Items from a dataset
=== Begin Enclosure ===
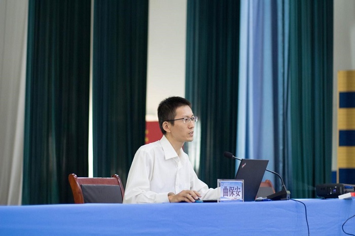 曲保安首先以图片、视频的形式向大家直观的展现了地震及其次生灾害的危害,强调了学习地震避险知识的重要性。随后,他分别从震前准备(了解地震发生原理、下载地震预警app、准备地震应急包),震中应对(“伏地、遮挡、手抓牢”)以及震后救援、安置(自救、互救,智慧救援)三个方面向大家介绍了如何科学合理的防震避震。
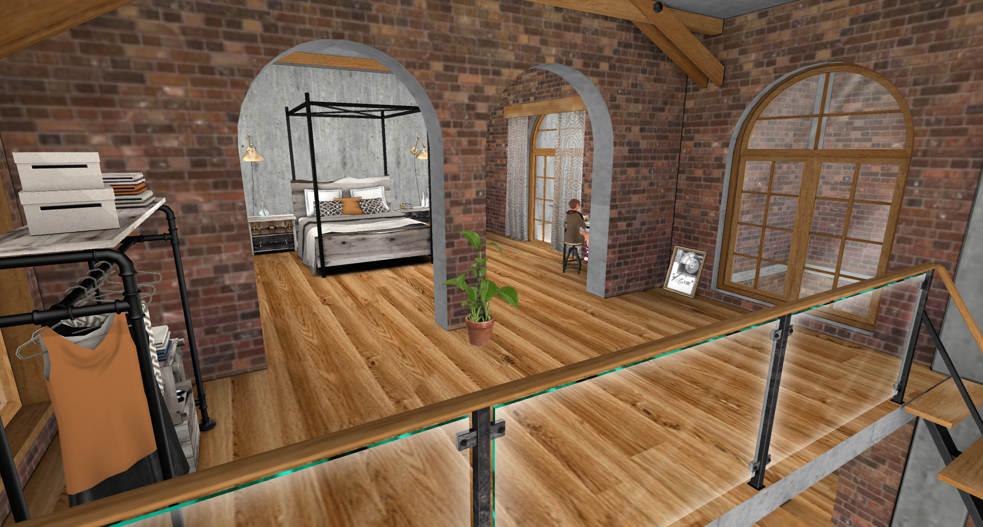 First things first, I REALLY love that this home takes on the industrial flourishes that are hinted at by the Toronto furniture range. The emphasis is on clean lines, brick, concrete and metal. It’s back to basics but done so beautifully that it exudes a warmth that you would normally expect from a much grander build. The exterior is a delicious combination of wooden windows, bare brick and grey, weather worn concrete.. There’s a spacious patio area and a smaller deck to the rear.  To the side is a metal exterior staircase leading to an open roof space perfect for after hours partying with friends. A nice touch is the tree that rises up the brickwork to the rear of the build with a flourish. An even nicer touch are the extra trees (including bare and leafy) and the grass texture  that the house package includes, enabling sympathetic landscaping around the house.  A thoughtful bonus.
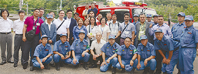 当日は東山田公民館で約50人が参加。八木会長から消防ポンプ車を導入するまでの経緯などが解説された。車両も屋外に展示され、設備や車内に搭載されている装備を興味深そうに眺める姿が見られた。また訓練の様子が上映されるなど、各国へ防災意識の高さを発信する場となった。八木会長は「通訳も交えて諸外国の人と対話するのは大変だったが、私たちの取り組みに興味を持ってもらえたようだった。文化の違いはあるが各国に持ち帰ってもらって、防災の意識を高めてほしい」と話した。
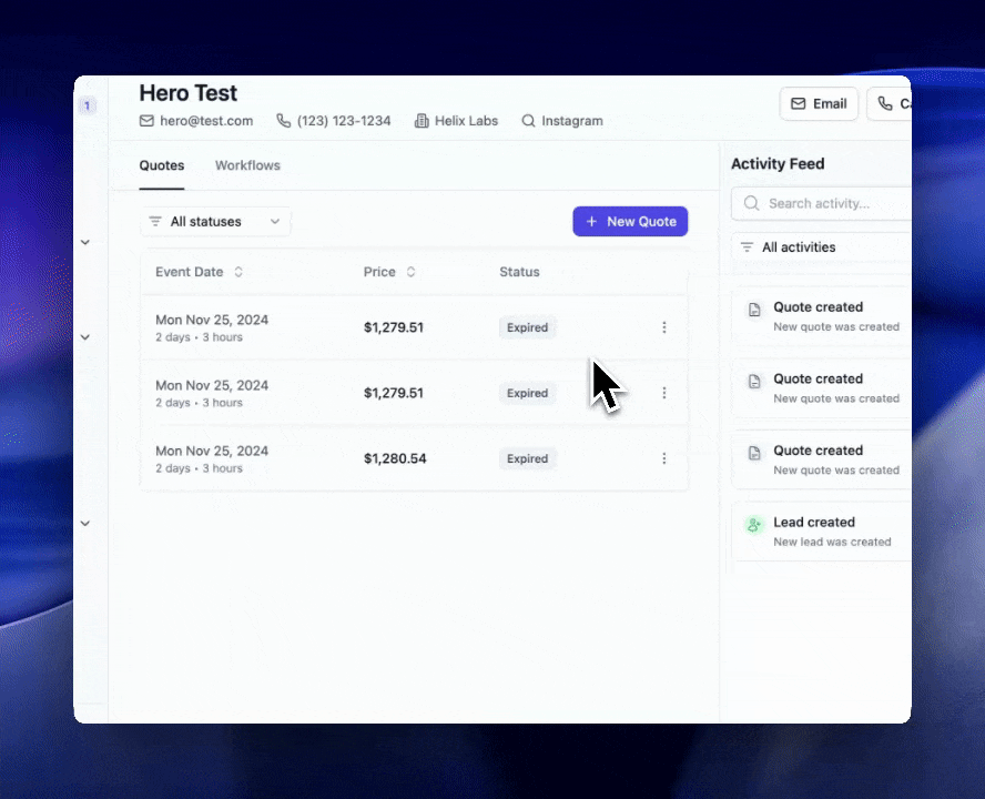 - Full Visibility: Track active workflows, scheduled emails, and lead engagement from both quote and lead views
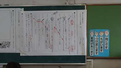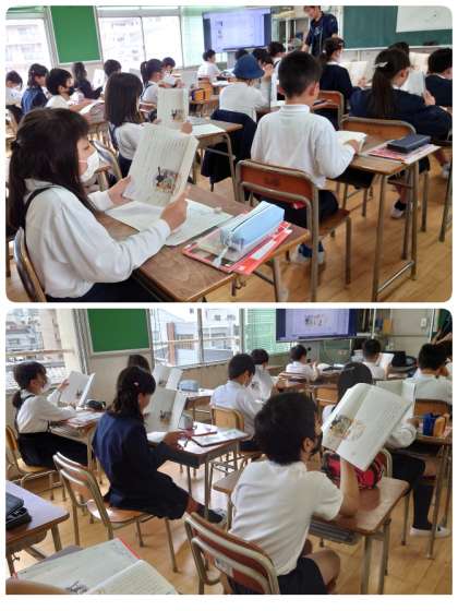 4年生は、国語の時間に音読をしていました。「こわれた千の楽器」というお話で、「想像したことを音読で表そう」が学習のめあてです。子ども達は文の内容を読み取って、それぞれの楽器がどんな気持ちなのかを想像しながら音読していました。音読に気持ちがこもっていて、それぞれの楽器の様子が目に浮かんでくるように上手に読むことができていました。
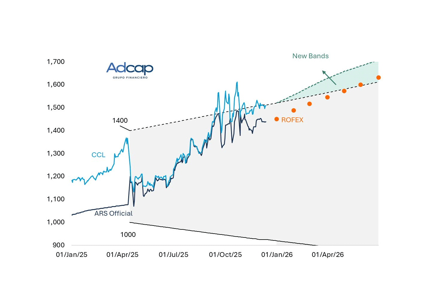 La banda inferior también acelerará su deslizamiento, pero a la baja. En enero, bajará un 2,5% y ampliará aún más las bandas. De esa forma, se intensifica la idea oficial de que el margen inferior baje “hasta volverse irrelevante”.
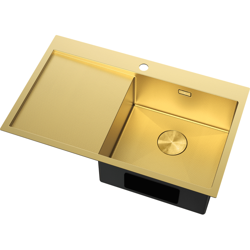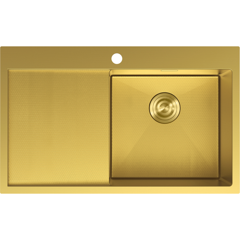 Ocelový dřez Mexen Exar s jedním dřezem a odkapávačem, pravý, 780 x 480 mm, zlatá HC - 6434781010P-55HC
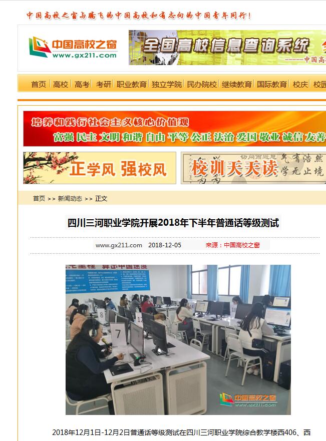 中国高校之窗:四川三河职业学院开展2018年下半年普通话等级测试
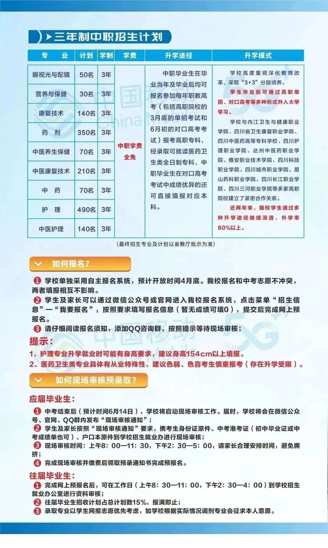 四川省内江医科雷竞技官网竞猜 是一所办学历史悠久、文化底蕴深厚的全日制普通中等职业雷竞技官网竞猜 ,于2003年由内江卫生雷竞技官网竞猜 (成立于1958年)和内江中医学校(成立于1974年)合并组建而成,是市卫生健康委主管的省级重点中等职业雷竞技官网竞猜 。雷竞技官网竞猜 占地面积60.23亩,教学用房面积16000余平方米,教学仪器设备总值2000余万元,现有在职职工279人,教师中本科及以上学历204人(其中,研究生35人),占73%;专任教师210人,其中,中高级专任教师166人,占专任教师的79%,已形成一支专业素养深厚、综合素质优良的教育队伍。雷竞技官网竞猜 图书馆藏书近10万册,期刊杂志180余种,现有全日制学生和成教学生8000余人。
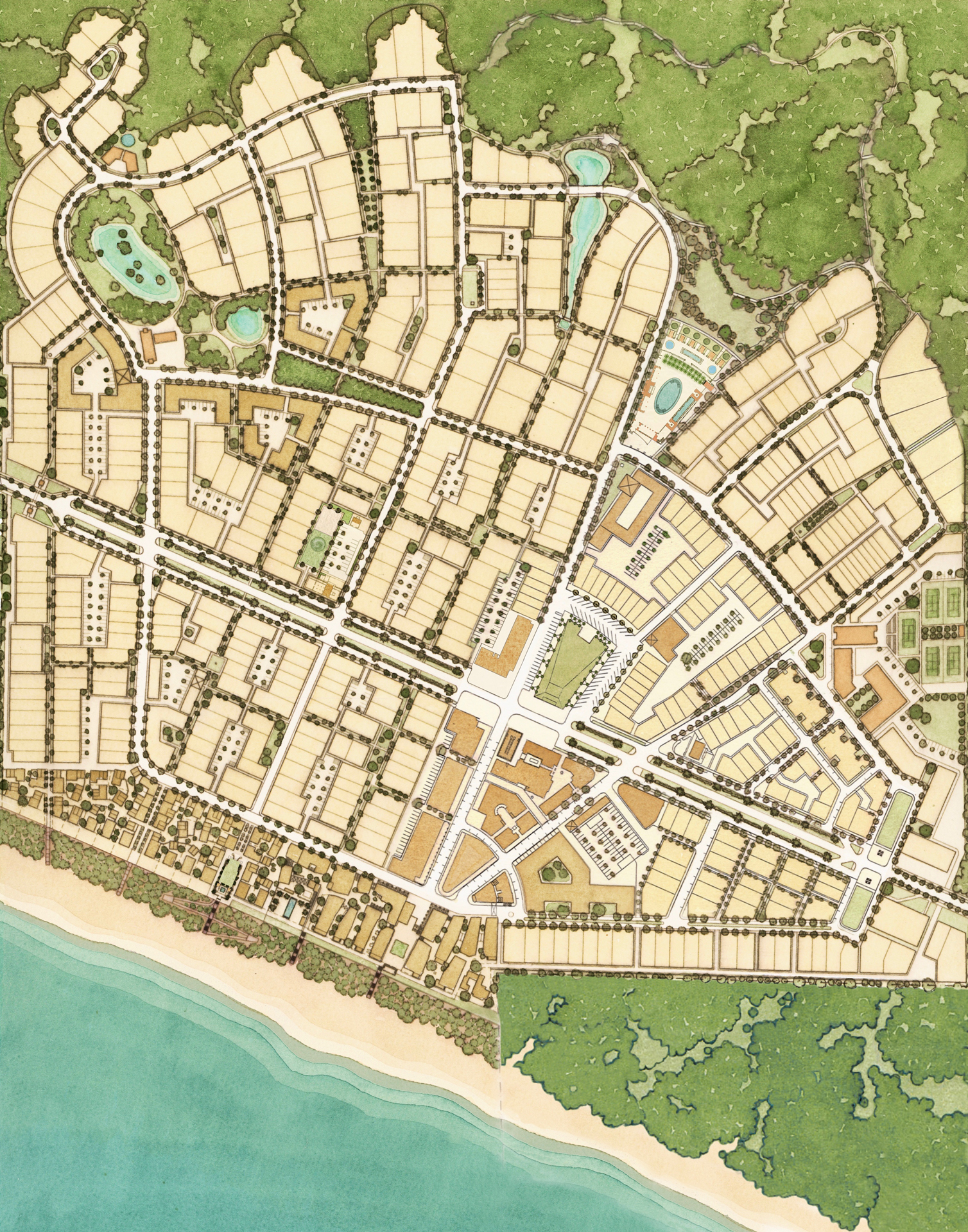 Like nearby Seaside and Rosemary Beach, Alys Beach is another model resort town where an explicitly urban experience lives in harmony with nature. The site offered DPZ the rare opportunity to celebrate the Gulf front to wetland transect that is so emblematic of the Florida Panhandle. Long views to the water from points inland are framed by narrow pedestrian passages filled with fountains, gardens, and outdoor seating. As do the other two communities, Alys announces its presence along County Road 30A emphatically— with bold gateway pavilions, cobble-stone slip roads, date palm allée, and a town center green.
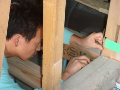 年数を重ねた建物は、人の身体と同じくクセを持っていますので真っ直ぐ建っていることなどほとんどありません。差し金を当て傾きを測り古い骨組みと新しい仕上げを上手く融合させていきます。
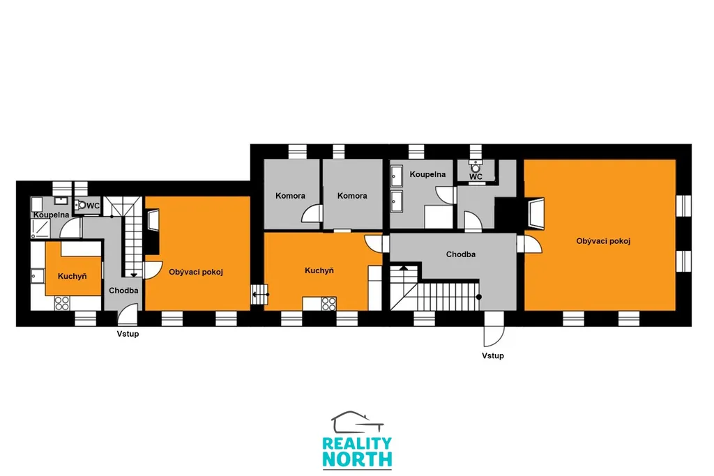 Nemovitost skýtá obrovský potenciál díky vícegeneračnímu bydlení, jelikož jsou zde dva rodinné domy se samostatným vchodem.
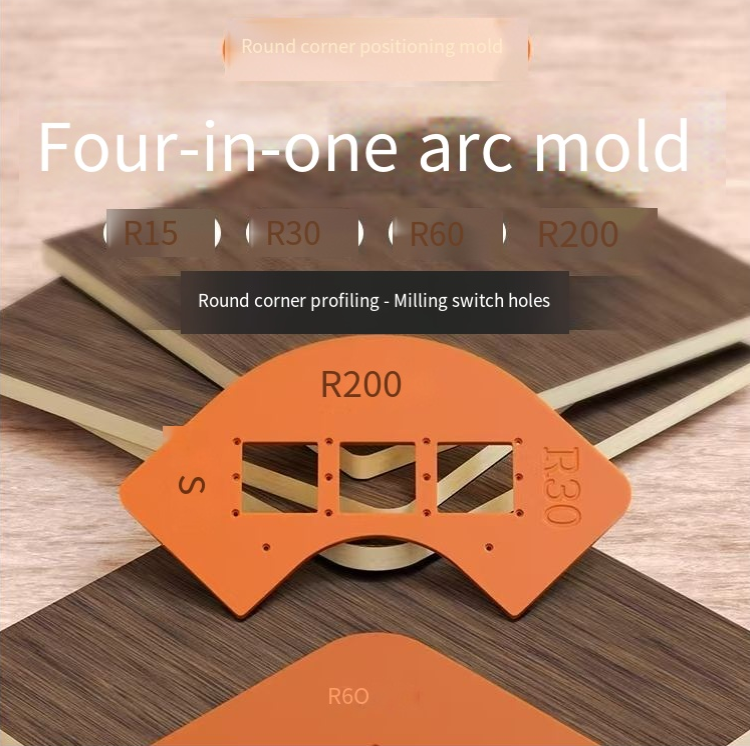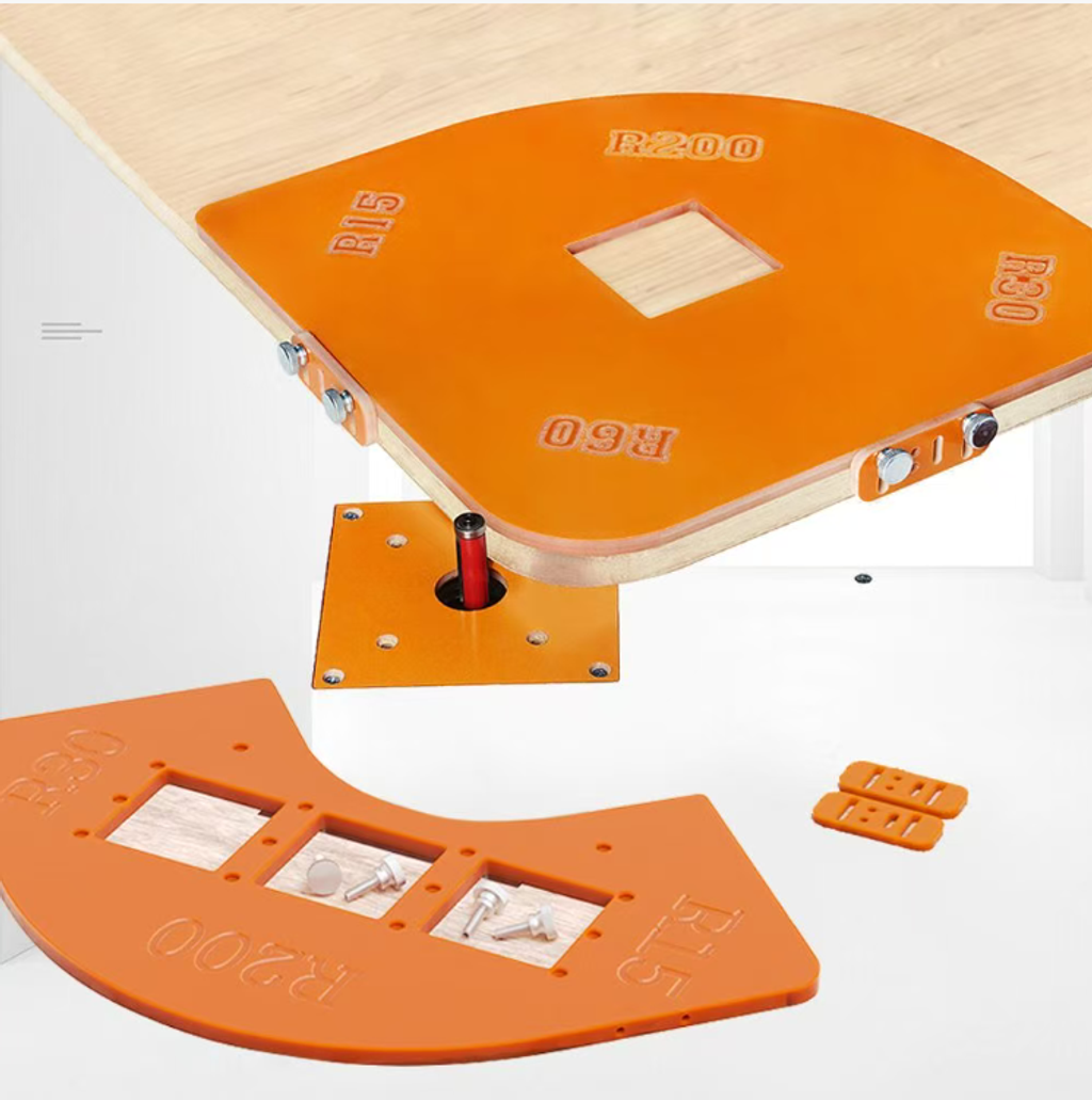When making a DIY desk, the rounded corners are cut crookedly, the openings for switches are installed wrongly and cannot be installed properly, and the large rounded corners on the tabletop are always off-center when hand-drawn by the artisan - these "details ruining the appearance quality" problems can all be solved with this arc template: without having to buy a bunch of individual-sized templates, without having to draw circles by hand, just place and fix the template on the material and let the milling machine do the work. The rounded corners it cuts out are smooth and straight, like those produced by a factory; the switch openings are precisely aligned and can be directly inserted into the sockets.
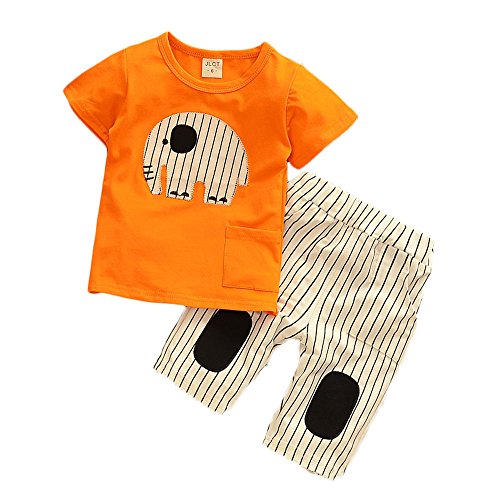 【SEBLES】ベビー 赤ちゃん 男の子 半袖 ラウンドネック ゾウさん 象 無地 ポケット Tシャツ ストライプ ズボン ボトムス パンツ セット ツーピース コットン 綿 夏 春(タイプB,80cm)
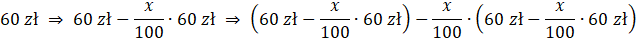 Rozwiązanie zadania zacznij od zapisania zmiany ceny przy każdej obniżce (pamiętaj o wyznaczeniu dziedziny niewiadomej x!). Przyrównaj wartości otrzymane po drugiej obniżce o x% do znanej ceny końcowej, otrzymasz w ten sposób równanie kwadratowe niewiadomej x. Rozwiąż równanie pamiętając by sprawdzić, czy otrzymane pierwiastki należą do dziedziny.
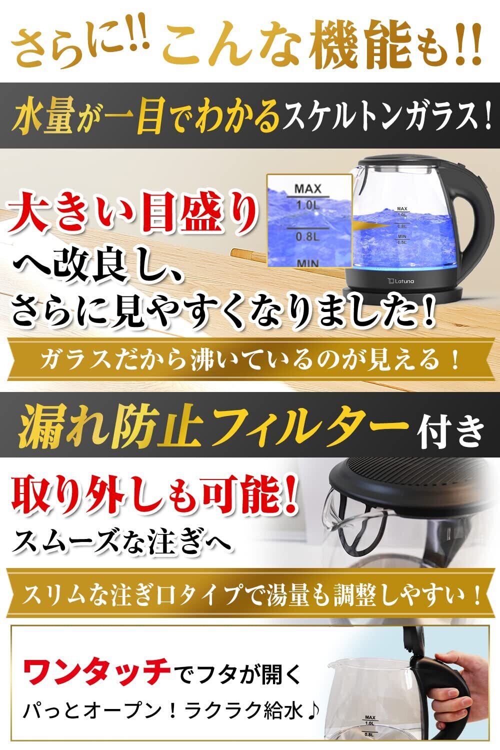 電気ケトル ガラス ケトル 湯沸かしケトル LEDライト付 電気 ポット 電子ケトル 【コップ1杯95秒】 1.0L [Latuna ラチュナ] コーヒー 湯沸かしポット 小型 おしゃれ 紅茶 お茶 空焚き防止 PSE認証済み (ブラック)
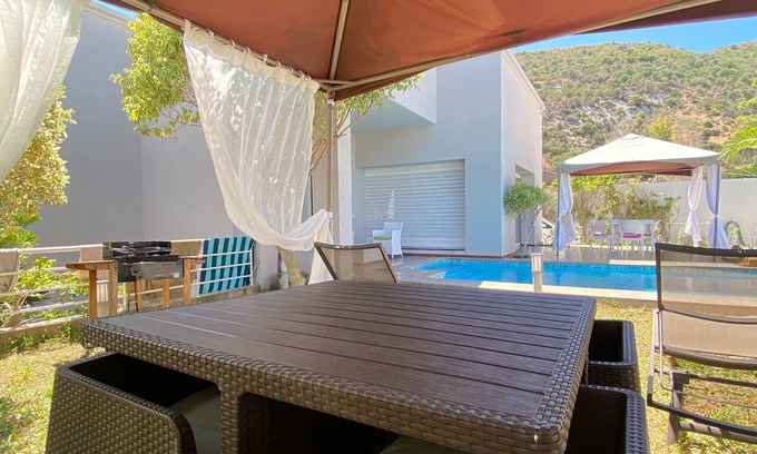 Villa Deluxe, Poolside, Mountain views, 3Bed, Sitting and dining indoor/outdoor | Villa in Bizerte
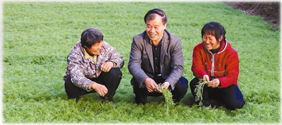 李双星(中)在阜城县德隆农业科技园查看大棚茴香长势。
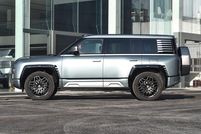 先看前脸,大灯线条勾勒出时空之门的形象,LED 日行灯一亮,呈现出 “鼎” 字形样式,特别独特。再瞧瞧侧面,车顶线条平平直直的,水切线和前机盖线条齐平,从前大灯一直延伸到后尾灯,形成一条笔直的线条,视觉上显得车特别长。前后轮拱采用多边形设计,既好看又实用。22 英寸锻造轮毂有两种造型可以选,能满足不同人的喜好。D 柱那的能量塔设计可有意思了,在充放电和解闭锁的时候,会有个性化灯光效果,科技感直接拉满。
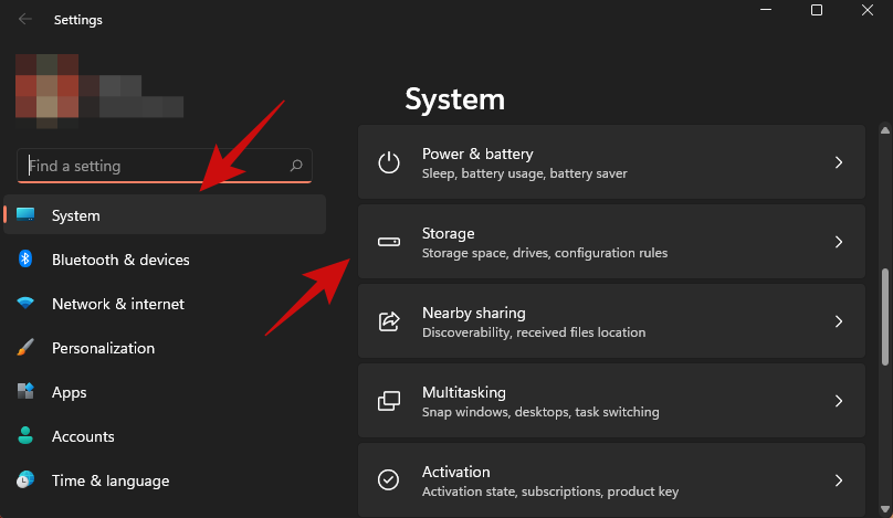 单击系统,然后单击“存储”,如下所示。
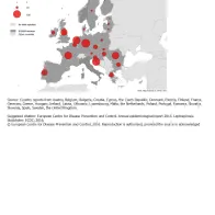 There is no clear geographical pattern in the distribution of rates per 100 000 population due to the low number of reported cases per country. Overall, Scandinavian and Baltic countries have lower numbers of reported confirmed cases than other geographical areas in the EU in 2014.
=== End Enclosure ===
▸ TASK:
Could you copy, exactly and with no pictures, each line from the first one above to the line holding "4年生は、国語の時間に音読を"?

▸ RESULT OF THE EXERCISE:
 曲保安首先以图片、视频的形式向大家直观的展现了地震及其次生灾害的危害,强调了学习地震避险知识的重要性。随后,他分别从震前准备(了解地震发生原理、下载地震预警app、准备地震应急包),震中应对(“伏地、遮挡、手抓牢”)以及震后救援、安置(自救、互救,智慧救援)三个方面向大家介绍了如何科学合理的防震避震。
 First things first, I REALLY love that this home takes on the industrial flourishes that are hinted at by the Toronto furniture range. The emphasis is on clean lines, brick, concrete and metal. It’s back to basics but done so beautifully that it exudes a warmth that you would normally expect from a much grander build. The exterior is a delicious combination of wooden windows, bare brick and grey, weather worn concrete.. There’s a spacious patio area and a smaller deck to the rear.  To the side is a metal exterior staircase leading to an open roof space perfect for after hours partying with friends. A nice touch is the tree that rises up the brickwork to the rear of the build with a flourish. An even nicer touch are the extra trees (including bare and leafy) and the grass texture  that the house package includes, enabling sympathetic landscaping around the house.  A thoughtful bonus.
 当日は東山田公民館で約50人が参加。八木会長から消防ポンプ車を導入するまでの経緯などが解説された。車両も屋外に展示され、設備や車内に搭載されている装備を興味深そうに眺める姿が見られた。また訓練の様子が上映されるなど、各国へ防災意識の高さを発信する場となった。八木会長は「通訳も交えて諸外国の人と対話するのは大変だったが、私たちの取り組みに興味を持ってもらえたようだった。文化の違いはあるが各国に持ち帰ってもらって、防災の意識を高めてほしい」と話した。
 - Full Visibility: Track active workflows, scheduled emails, and lead engagement from both quote and lead views
 4年生は、国語の時間に音読をしていました。「こわれた千の楽器」というお話で、「想像したことを音読で表そう」が学習のめあてです。子ども達は文の内容を読み取って、それぞれの楽器がどんな気持ちなのかを想像しながら音読していました。音読に気持ちがこもっていて、それぞれの楽器の様子が目に浮かんでくるように上手に読むことができていました。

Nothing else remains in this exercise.